» **What is required**: Nothing but the lines from the one containing "Hyundai Tucson: система" through the last line of the records below should be copied, exactly and without pictures.

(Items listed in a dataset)
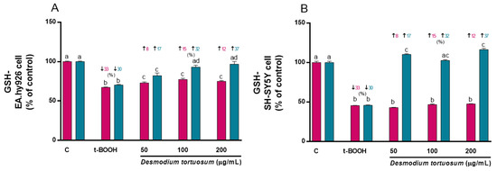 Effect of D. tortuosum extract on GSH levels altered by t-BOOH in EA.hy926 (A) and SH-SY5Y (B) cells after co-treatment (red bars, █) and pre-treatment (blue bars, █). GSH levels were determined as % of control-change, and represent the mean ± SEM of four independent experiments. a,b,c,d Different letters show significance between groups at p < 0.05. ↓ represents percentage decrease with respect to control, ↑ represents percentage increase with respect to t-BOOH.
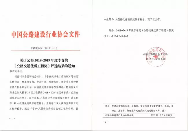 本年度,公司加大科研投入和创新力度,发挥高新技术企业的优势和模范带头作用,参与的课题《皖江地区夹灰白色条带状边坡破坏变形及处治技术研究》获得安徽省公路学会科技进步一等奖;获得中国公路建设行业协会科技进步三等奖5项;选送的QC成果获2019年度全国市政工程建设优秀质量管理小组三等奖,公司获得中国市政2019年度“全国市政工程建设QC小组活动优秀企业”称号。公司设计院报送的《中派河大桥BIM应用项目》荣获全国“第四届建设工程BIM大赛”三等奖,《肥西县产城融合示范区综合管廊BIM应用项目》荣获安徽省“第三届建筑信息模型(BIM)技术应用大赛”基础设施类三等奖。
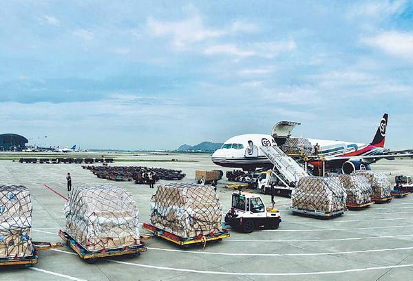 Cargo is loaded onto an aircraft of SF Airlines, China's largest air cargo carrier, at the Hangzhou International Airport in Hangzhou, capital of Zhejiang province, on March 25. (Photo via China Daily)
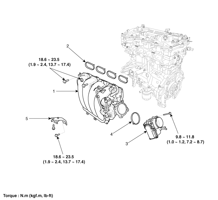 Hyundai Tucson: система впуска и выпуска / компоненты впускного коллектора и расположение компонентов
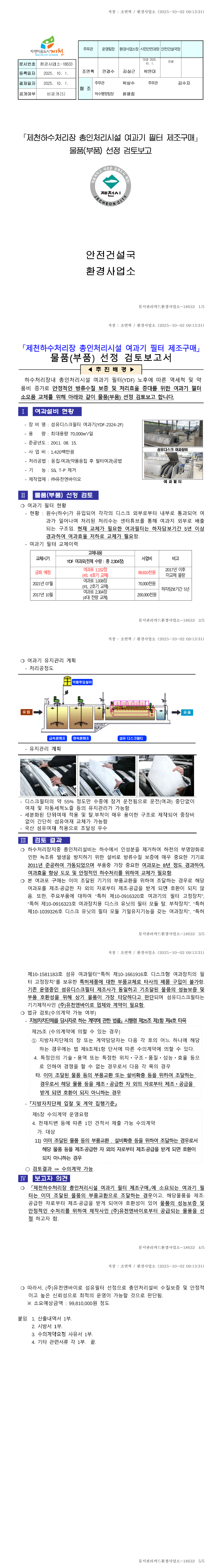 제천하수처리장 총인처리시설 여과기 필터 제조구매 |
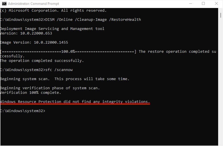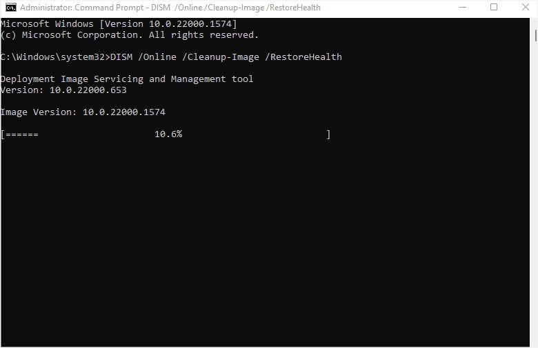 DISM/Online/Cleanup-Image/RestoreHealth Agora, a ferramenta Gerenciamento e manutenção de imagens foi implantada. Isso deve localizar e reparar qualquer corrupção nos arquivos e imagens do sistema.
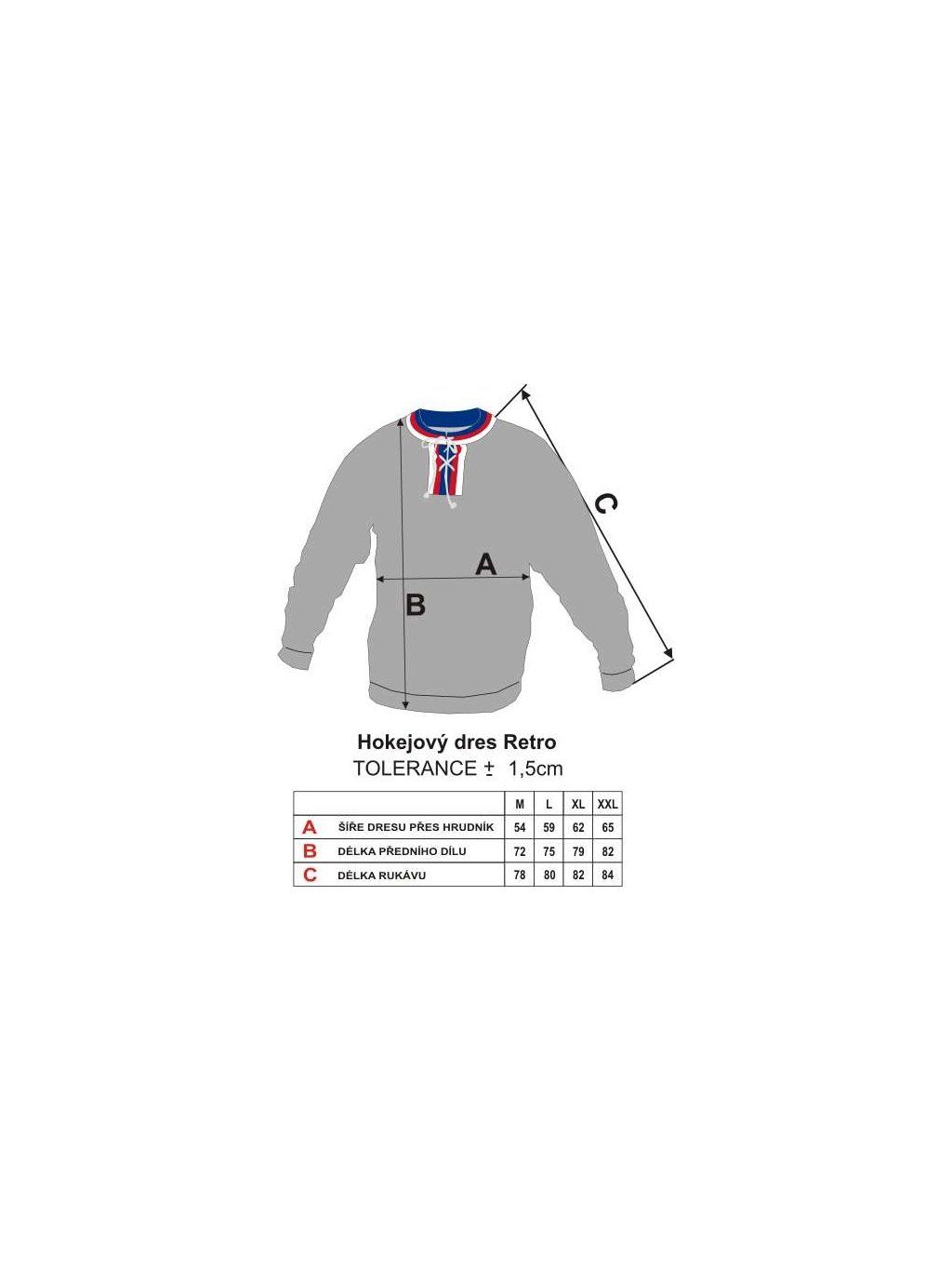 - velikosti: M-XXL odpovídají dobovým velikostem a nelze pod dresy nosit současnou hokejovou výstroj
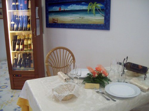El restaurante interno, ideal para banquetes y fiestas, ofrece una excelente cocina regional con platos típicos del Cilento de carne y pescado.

» **Completed task**:
 Hyundai Tucson: система впуска и выпуска / компоненты впускного коллектора и расположение компонентов
 제천하수처리장 총인처리시설 여과기 필터 제조구매 |
 DISM/Online/Cleanup-Image/RestoreHealth Agora, a ferramenta Gerenciamento e manutenção de imagens foi implantada. Isso deve localizar e reparar qualquer corrupção nos arquivos e imagens do sistema.
 - velikosti: M-XXL odpovídají dobovým velikostem a nelze pod dresy nosit současnou hokejovou výstroj
El restaurante interno, ideal para banquetes y fiestas, ofrece una excelente cocina regional con platos típicos del Cilento de carne y pescado.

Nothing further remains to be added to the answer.